Problem to work on
Nothing should appear in the answer except the lines below from the line containing "2. primjer: U" through the line containing "Zontecomantlán Ver.- Un", copied exactly, with pictures left out.

Information given
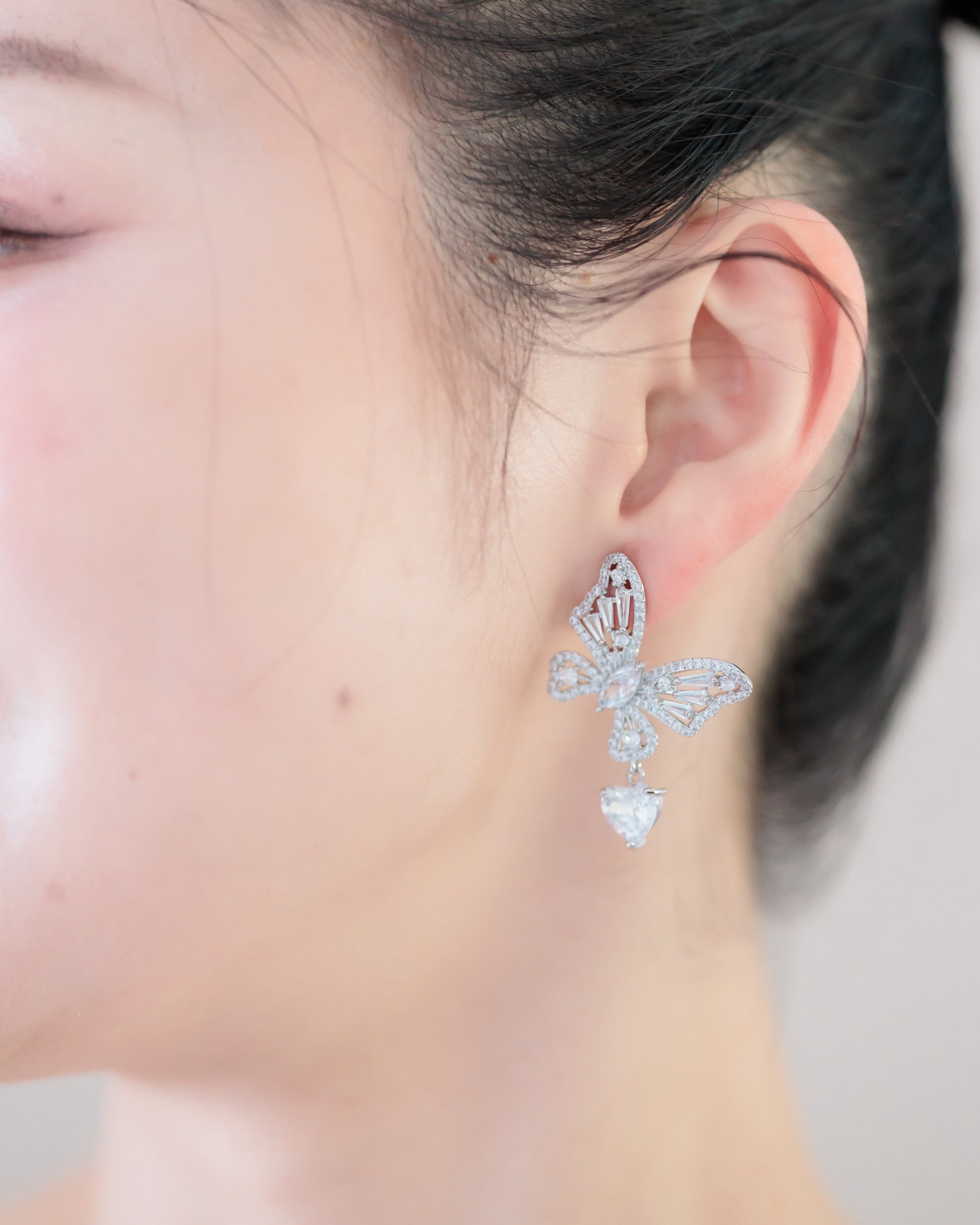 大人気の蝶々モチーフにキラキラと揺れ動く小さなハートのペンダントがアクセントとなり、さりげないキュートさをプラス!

---

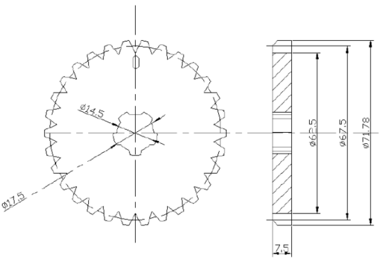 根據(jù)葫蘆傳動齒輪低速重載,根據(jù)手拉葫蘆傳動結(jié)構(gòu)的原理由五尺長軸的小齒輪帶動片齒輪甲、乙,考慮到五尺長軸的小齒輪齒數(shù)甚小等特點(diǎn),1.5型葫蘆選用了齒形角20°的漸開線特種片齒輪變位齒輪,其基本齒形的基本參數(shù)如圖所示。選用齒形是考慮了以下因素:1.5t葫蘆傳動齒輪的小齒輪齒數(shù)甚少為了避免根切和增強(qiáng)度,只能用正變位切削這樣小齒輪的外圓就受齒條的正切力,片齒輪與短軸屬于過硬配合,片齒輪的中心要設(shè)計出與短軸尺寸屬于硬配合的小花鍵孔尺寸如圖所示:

...

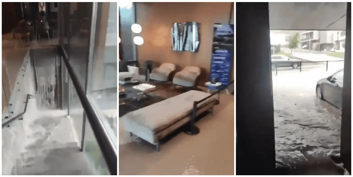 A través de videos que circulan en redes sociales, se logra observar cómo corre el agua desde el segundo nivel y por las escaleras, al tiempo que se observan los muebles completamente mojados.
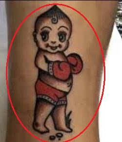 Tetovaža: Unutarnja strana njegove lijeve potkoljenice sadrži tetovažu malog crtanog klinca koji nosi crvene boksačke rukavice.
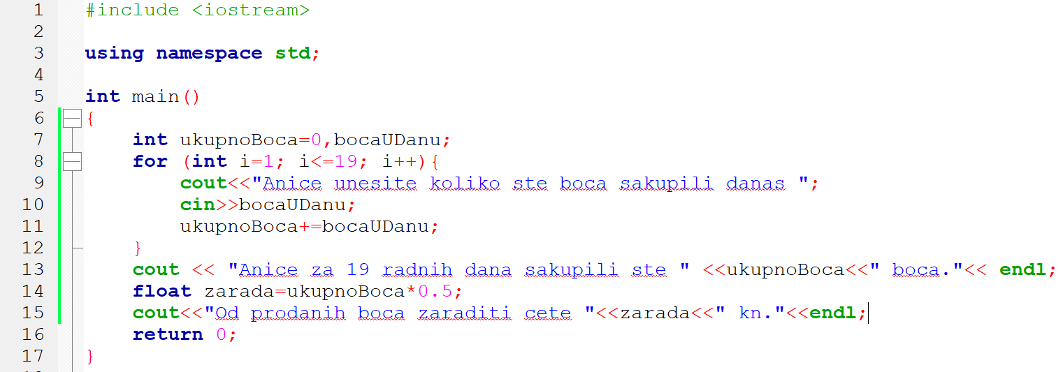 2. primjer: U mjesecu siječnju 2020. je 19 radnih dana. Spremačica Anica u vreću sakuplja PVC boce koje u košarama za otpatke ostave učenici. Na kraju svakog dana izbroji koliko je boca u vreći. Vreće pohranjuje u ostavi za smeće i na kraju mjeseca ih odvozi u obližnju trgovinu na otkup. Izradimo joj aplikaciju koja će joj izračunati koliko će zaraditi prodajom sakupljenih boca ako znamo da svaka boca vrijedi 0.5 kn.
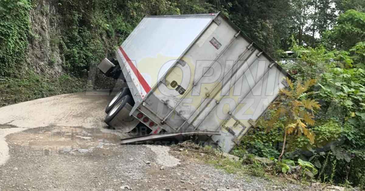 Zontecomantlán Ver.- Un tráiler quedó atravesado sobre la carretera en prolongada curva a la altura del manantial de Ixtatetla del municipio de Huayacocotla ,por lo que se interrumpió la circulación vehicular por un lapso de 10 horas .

Answer
 2. primjer: U mjesecu siječnju 2020. je 19 radnih dana. Spremačica Anica u vreću sakuplja PVC boce koje u košarama za otpatke ostave učenici. Na kraju svakog dana izbroji koliko je boca u vreći. Vreće pohranjuje u ostavi za smeće i na kraju mjeseca ih odvozi u obližnju trgovinu na otkup. Izradimo joj aplikaciju koja će joj izračunati koliko će zaraditi prodajom sakupljenih boca ako znamo da svaka boca vrijedi 0.5 kn.
 Zontecomantlán Ver.- Un tráiler quedó atravesado sobre la carretera en prolongada curva a la altura del manantial de Ixtatetla del municipio de Huayacocotla ,por lo que se interrumpió la circulación vehicular por un lapso de 10 horas .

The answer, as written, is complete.